For certain members of The Silver Family, Diet Coke is as crucial to existence as ambrosia was for the Greek gods. The Coca-Cola Corporation’s pre-eminent calorie-free carbonated beverage, Diet Coke is, to quote Old Lady Standish, guzzled by certain Silvers “like it’s going out of style.”
Dark brown fizzy water, flavored with vanilla, cinnamon, and citrus oils, among other flavorings. It is commonly served cold.
According to Wikipedia, which is never wrong, “Cola became popular worldwide after pharmacist John Pemberton invented Coca-Cola in 1886, which was later imitated by other manufacturers.” Diet Coke, the calorie-free alternative to traditional Coca-Cola, was introduced on July 8, 1982.
Younger members of the Silver Family, once they were allowed to drink soda at all, traditionally stuck with the regular Coke products that their dads drank—leaving the Diet Coke to the moms. But as body image issues passed down through the generations, these younger Silvers eventually turned to Diet Coke too. And now they cannot—and will not—be separated from their nectar of the gods. Studies warning about the side-effects of artificial sweeteners be damned!

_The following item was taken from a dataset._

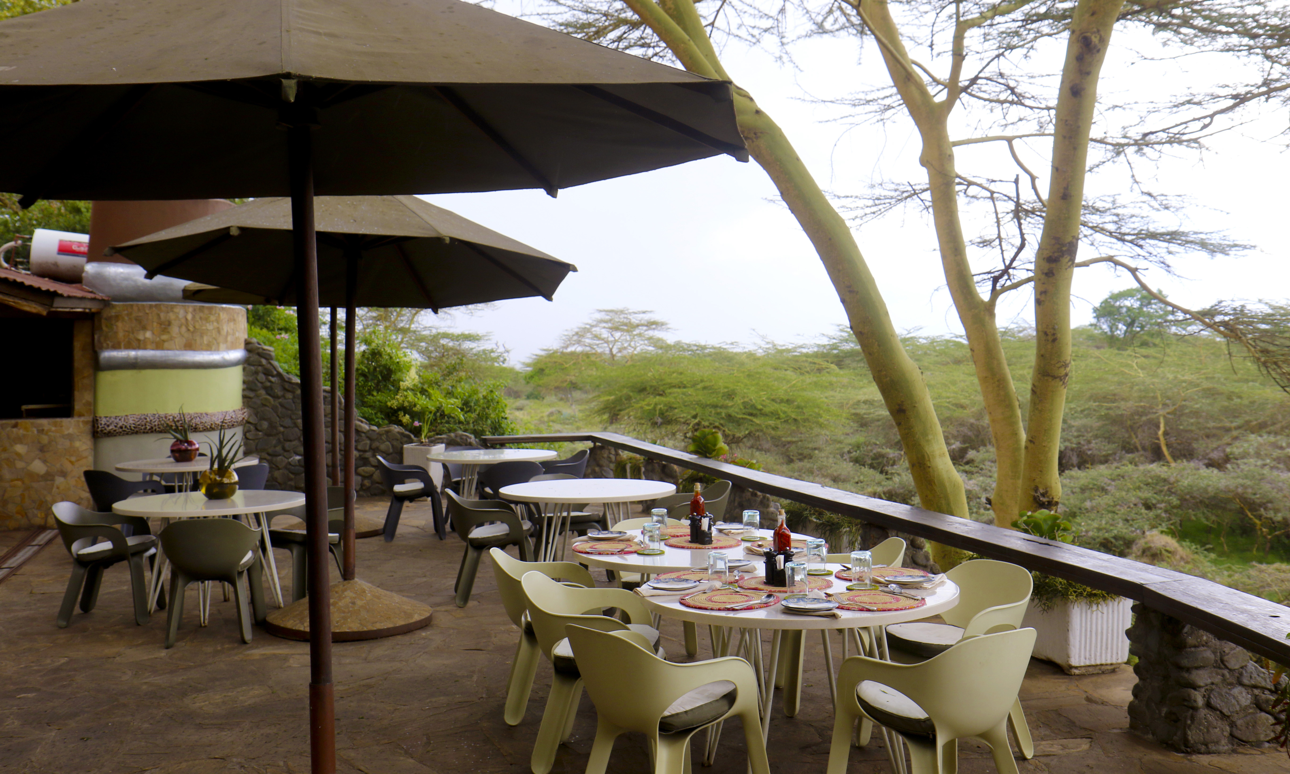 Etter en svett formiddag under en brennhet sol rett sør for ekvator, triller vi etterhvert inn til Hatari Lodge for en velfortjent middag.

In The Boot of Destiny, Old Lady Standish accuses Tracy Silver of guzzling Diet Cokes during her high school lunch period “like they’re going out of style.”
Later in that same book, Michael Silver introduces an anecdote about his time in New Orleans by saying “I’d been nursing Diet Cokes and listening to the house band at a little joint called Fritzel’s, way down past the strip clubs and the sports bars.”
During an inner monologue in The Piano of Death, Veronica Silver thinks “They were supposed to be drinking Diet Coke, not Coors Light.”
While hanging out with her friend David Johnson in the story “Robin: The Word on the Ceiling,” Robin Gates also partakes: “While his back was to me, I reached across the table to pluck a fry from his plate. It was so soggy and disgusting that I might not have finished it if it weren’t for the fact that I had no place to hide the evidence. I chewed quickly, swallowed, and reached for my Diet Coke.”
And in the short story “Where It Hurts,” the protagonist laments the cessation of her habit: “Janet sips at her Coke—no longer Diet, because of the baby.”